▶ _Data shown_
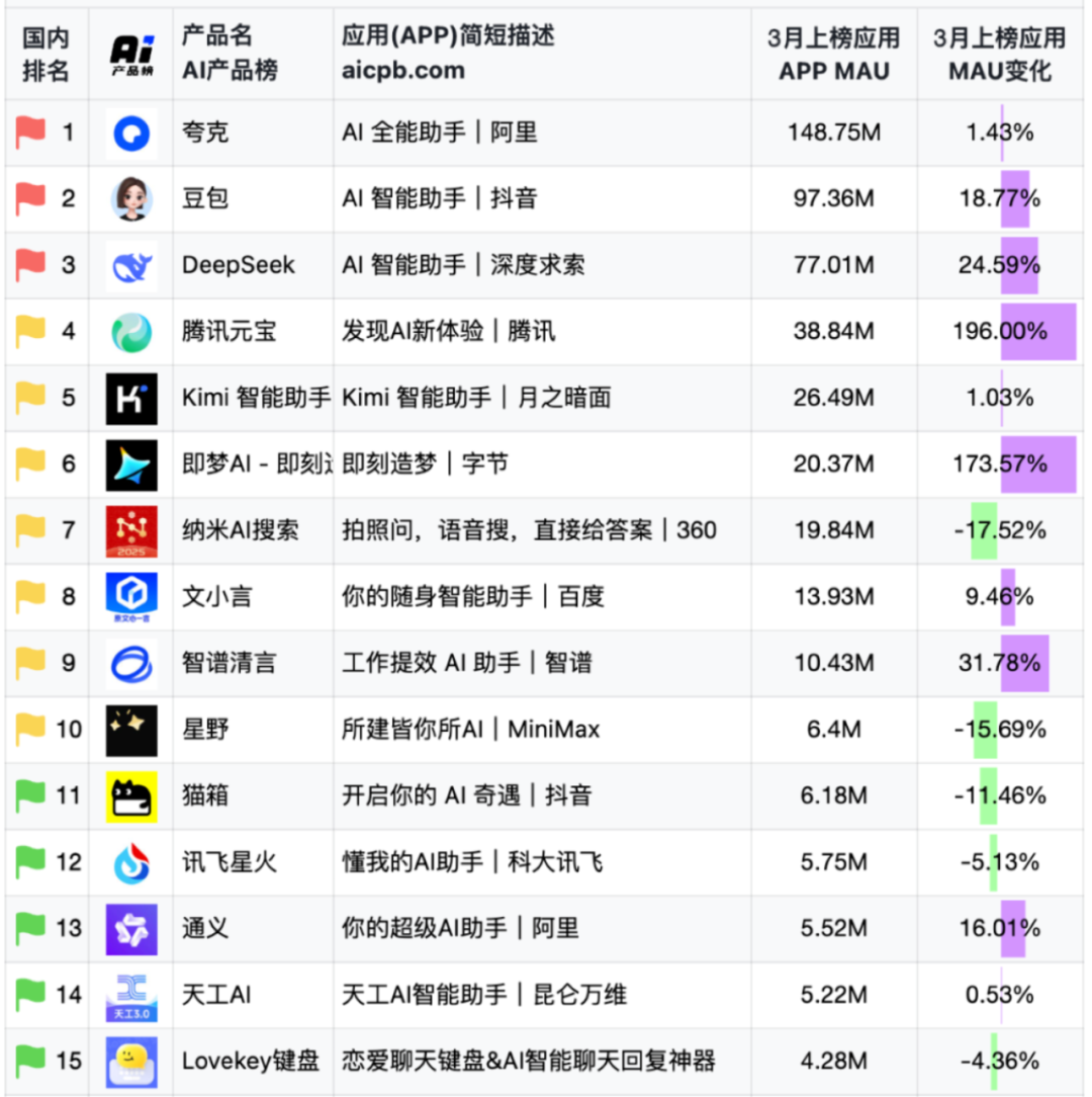 根據“AI產品榜”發佈的數據,3月份“天工AI”的MAU僅有522萬,幾乎是夸克、豆包、DeepSeek等龍頭產品的零頭。
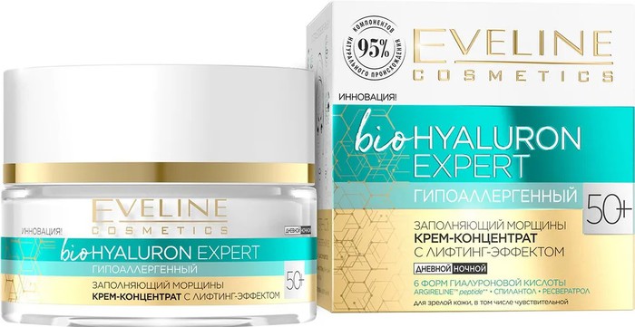 ЗАПОЛНЯЮЩИЙ МОРЩИНЫ КРЕМ-КОНЦЕТРАТ С ЛИФТИНГ-ЭФФЕКТОМ 50+, обогащенный шестью формами гиалуроновой кислоты, оказывает отличное влияние на кожу, а именно:
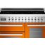 Bertazzoni PRO1005IMFTO — отдельно стоящий варочный центр шириной 100 см, выполненный в ярких оранжевых оттенках с отделкой из нержавеющей стали. Модель включает в себя индукционную варочную поверхность с 5 зонами нагрева, а также три духовых шкафа объемом 69, 54 и 24 литра. Варочная панель оснащена функцией увеличения мощности нагрева. Основная электрическая духовка имеет 11 режимов работы. Цифровой программатор позволяет задавать любые настройки при приготовлении пищи. Дисплей отображает выбранные функции, время до окончания приготовления и информацию о температуре в режиме реального времени. Вспомогательная духовка без вентилятора имеет 4 режима нагрева. Для всех духовок предусмотрена каталитическая очистка.

▶ _Task instructions_
Copy out exactly, with no pictures, the lines of the data from the first one through the line bearing "ЗАПОЛНЯЮЩИЙ МОРЩИНЫ КРЕМ-КОНЦЕТРАТ".

▶ _Output_
 根據“AI產品榜”發佈的數據,3月份“天工AI”的MAU僅有522萬,幾乎是夸克、豆包、DeepSeek等龍頭產品的零頭。
 ЗАПОЛНЯЮЩИЙ МОРЩИНЫ КРЕМ-КОНЦЕТРАТ С ЛИФТИНГ-ЭФФЕКТОМ 50+, обогащенный шестью формами гиалуроновой кислоты, оказывает отличное влияние на кожу, а именно:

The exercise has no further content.